- _Entries supplied_
┄┄┄┄┄┄┄┄┄┄
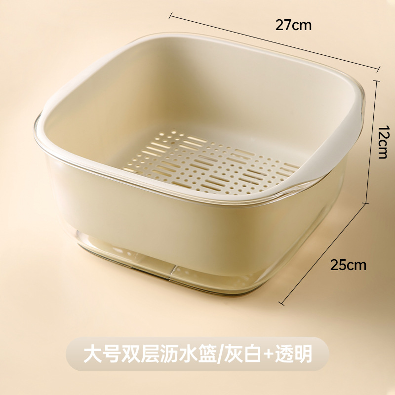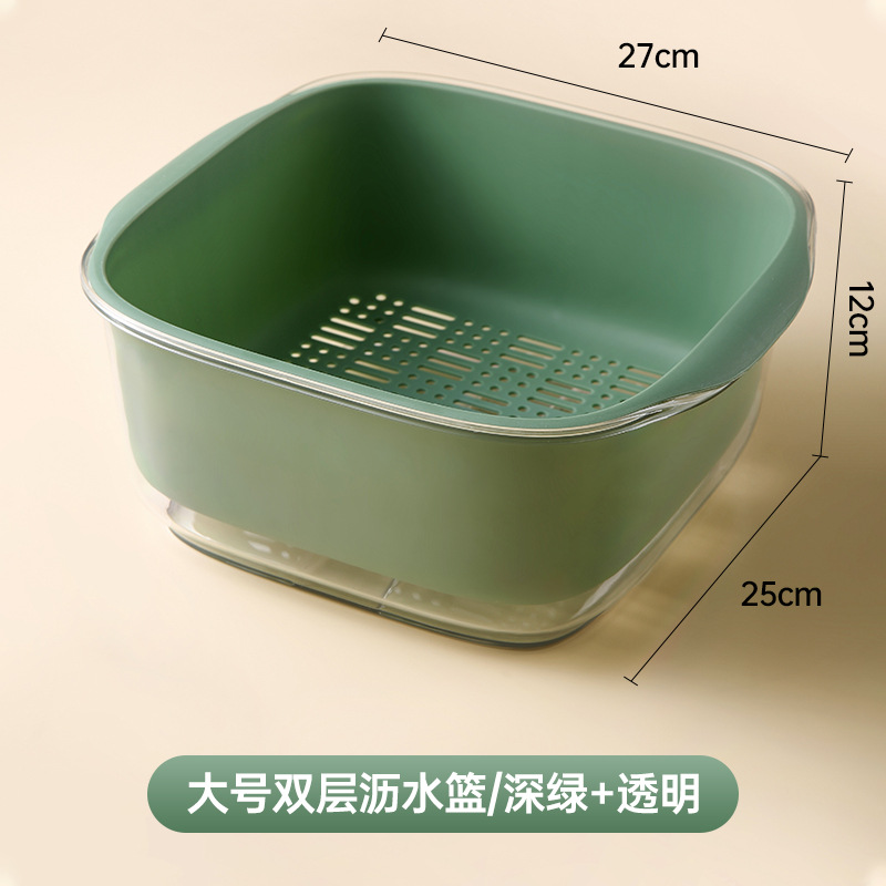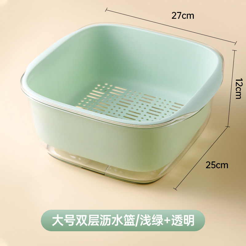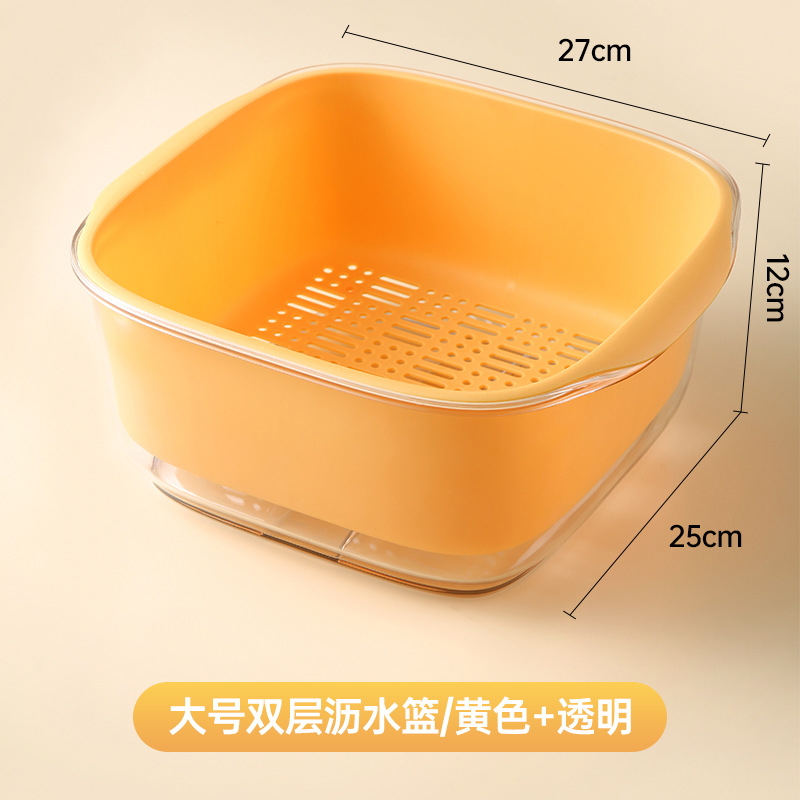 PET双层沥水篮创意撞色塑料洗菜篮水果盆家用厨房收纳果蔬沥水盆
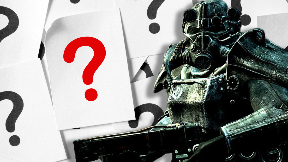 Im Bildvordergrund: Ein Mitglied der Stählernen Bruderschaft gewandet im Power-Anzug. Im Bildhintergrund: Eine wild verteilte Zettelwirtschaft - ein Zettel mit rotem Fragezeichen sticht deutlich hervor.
┄┄┄┄┄┄┄┄┄┄
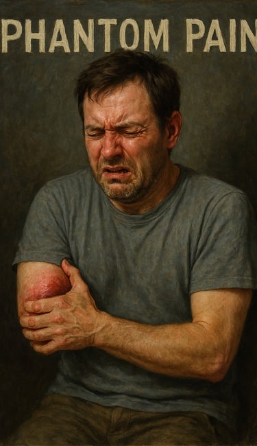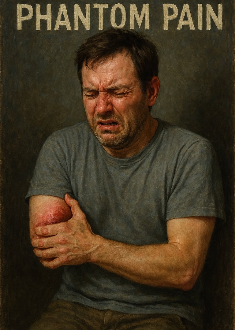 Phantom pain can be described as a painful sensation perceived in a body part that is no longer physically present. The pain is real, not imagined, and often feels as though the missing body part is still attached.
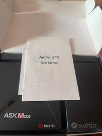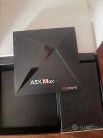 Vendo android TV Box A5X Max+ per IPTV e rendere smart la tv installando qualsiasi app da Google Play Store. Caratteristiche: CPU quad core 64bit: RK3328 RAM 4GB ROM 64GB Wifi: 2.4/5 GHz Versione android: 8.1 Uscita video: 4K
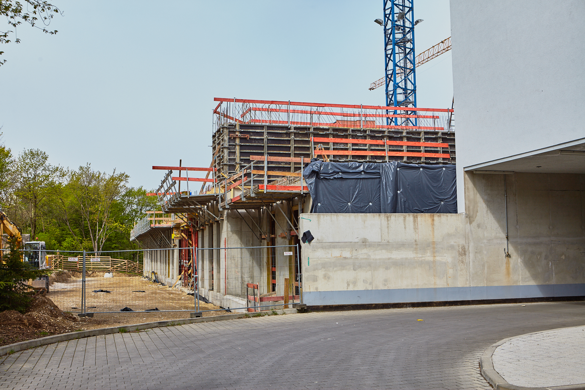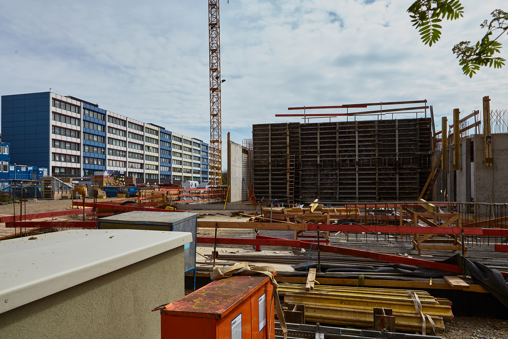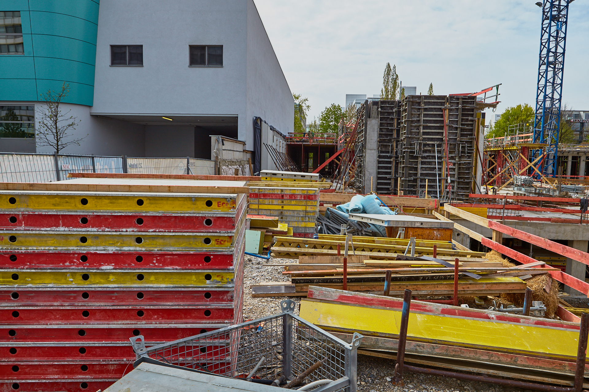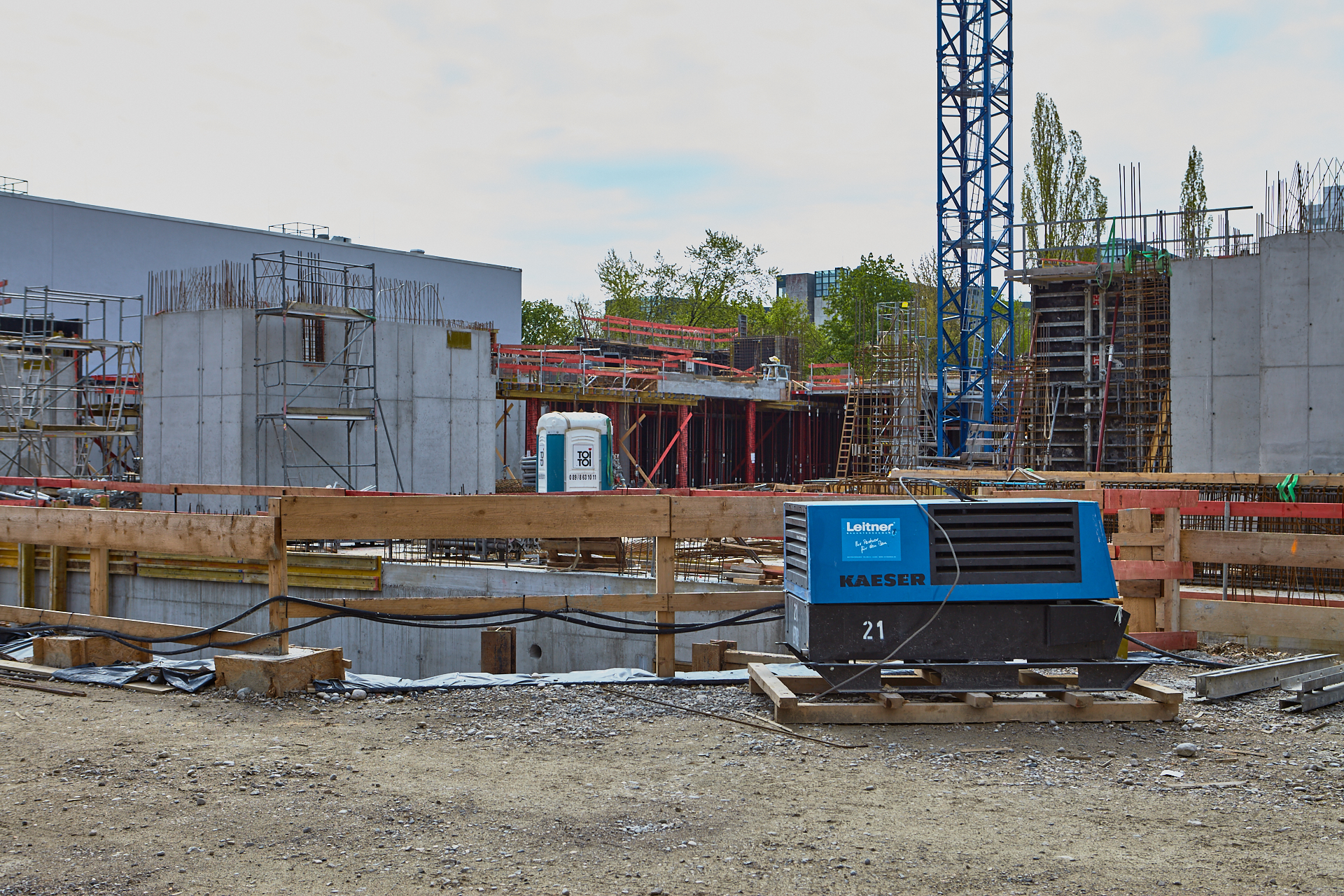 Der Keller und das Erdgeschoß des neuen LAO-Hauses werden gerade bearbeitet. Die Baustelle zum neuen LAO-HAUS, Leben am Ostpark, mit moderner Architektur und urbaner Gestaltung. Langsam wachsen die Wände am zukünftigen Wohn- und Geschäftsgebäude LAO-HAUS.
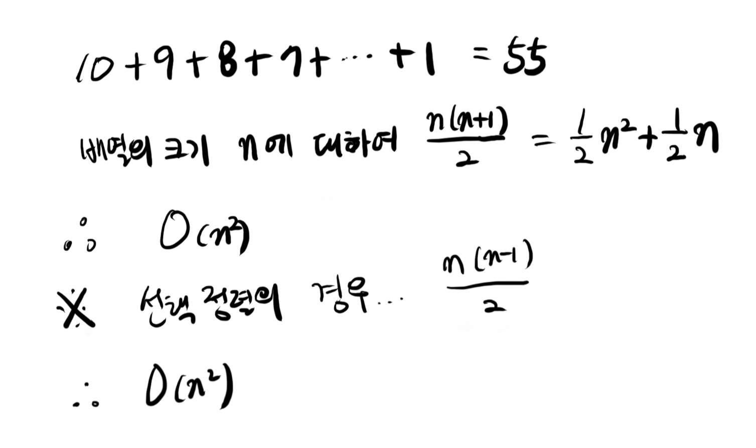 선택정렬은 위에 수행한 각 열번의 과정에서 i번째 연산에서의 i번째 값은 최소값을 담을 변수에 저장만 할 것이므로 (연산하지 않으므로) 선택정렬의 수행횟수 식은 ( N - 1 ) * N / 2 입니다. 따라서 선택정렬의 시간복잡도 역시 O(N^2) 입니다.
┄┄┄┄┄┄┄┄┄┄
- _Task goal_
Although the records hold pictures, the copy must not; give again exactly the lines from the one with "PET双层沥水篮创意撞色塑料洗菜篮水果盆家用厨房收纳果蔬沥水盆" through the one with "Im Bildvordergrund: Ein".

- _Written response_
 PET双层沥水篮创意撞色塑料洗菜篮水果盆家用厨房收纳果蔬沥水盆
 Im Bildvordergrund: Ein Mitglied der Stählernen Bruderschaft gewandet im Power-Anzug. Im Bildhintergrund: Eine wild verteilte Zettelwirtschaft - ein Zettel mit rotem Fragezeichen sticht deutlich hervor.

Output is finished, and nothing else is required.